[The task] Every line of the material needs an exact copy, apart from the images.

[Data shown]

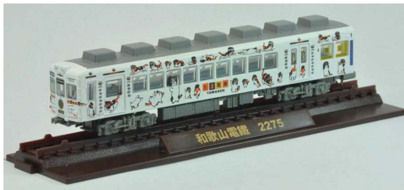
対象車両:たま電車2275(番号212) ※
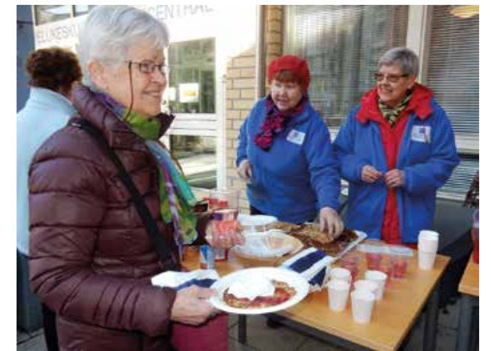
Vapaaehtoiset myyvät sisäpihalla makkaraa Kinaporin seniorimessuilla 2018.

On selvää, että heidän toimintansa kohdistuu ensisijaisesti oman jäsenistön hyvinvoinnin ylläpitoon. Koska järjestöt koostuvat ikääntyvästä aktiivisesta porukasta, on poistuma suuri. Ongelmana onkin uusien toimijoiden saaminen. Tuntuu siltä, että uusi sukupolvi on mielestään tehnyt riit-

[Answer box]
対象車両:たま電車2275(番号212) ※
Vapaaehtoiset myyvät sisäpihalla makkaraa Kinaporin seniorimessuilla 2018.

On selvää, että heidän toimintansa kohdistuu ensisijaisesti oman jäsenistön hyvinvoinnin ylläpitoon. Koska järjestöt koostuvat ikääntyvästä aktiivisesta porukasta, on poistuma suuri. Ongelmana onkin uusien toimijoiden saaminen. Tuntuu siltä, että uusi sukupolvi on mielestään tehnyt riit-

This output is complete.